While this sounds good to people who use such models in 3D games, it spells troubles to Energy3D. The first problem is that it increases the number of vertices that Energy3D has to load and, therefore, the memory footprint of such models. In a physics simulation, a structural element without thickness is meaningless. If we don't really need the two faces in most cases (we do in some other cases, but I will skip that line of discussion in the article), why bother to import them in the first place? Despite spending days on researching on the Internet and checking the Collada specification, I couldn't figure out how to force SketchUp to export only the exterior meshes (SketchUp's Colloda export function does provide the option of exporting two-sided faces or not, but it sometime exports only the interior sides for some meshes, mixed with exterior sides for others). So it occurred to me that I had to deal with them in the Energy3D code.

If we don't treat them and use the meshes as they are, we then have the second problem: which mesh should we pick to be the side that receives solar radiation? While it is self-evident which mesh of the two identical ones faces outside when we look at the 3D model after it is rendered on the computer screen, we absolutely have no way to tell from their coordinates alone in our code. Somehow, we have to invent an algorithm that simulates how people discern it when they look at the 3D view of the model on a computer screen.

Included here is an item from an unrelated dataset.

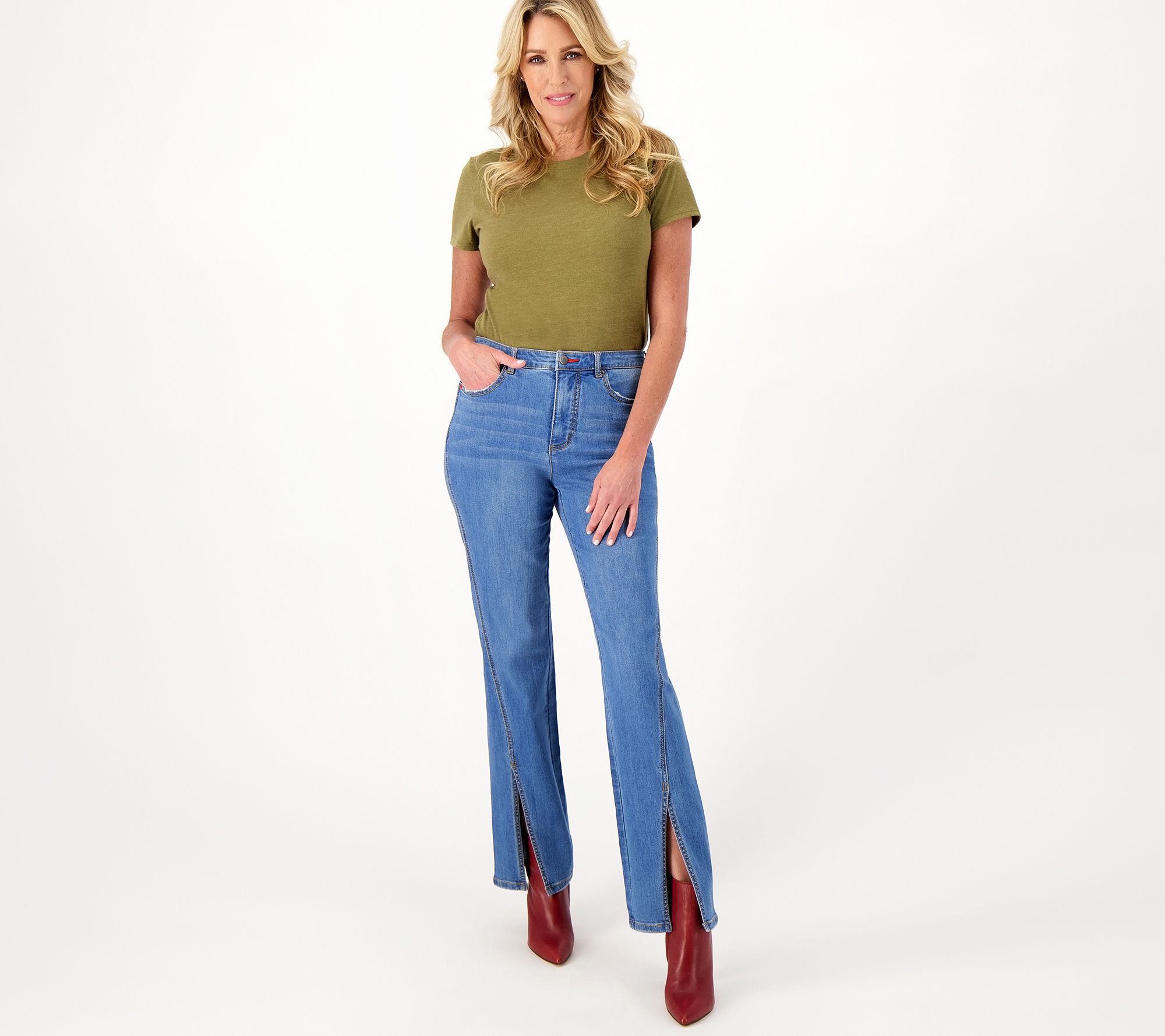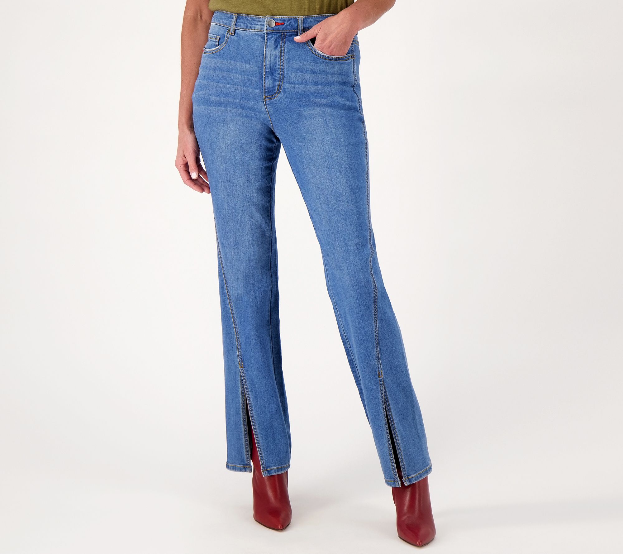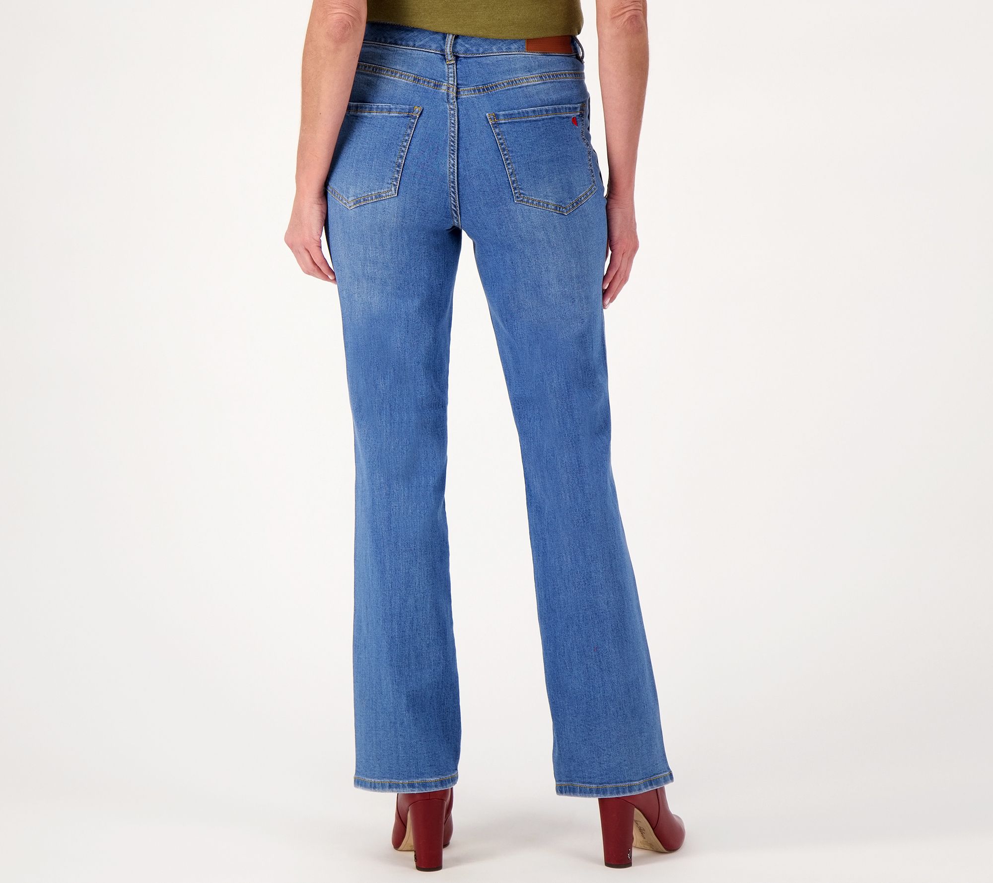 Leg Shape: boot-cut leg; widens slightly from knee to leg opening

Picking and choosing the right meshes, of course, is crucial to the correctness of the simulation results. In order to test the new algorithms in Energy3D, I selected the lower Manhattan island and the US Capitol Building as two test cases. The results of the lower Manhattan island have been reported in an earlier article. But the Capitol Building has turned out to be a harder case as -- with over 15,000 meshes -- it is geometrically more complicated and it has so many details that really put our code to test. After more than a week of my work on solving a myriad of problems, it seems that Energy3D has passed the test (or has it?). The screenshots of the solar irradiance heat maps of the Capitol Building from different angles show that severe anomalies are practically non-existent across the heat maps.


The heat maps occasionally suffer from a flickering effect called "Z-fighting" when two planar surfaces are visually close, especially when being looked at from a distance sufficiently far away. For the Z-fighting between identical meshes, this can be mitigated by increasing the offset of their distance. But, as this doesn't affect the simulation result, it is less a concern for the time being.

Automatic remeshing for solar analysis may also need to include automatic repair of models that contain errors. For example, some models may contain surfaces that have only one mesh with the normal vector pointing inward (this could happen if the original designer accidentally used the "Reverse Faces" feature in SketchUp without realizing that the normal vectors would be flipped). This kind of mesh is tolerated in SketchUp because it does not affect rendering. But they cannot be tolerated in Energy3D because such a single-face mesh with a north-pointing normal vector, which appears to the viewer as south-facing, will show little to zero solar radiation when the sun shines on it. Luckily, due to the visualization in Energy3D, we can quickly spot those incorrect surfaces and fix them by reversing their faces manually. But we will need to find a way to automate this process (not easy, but not impossible).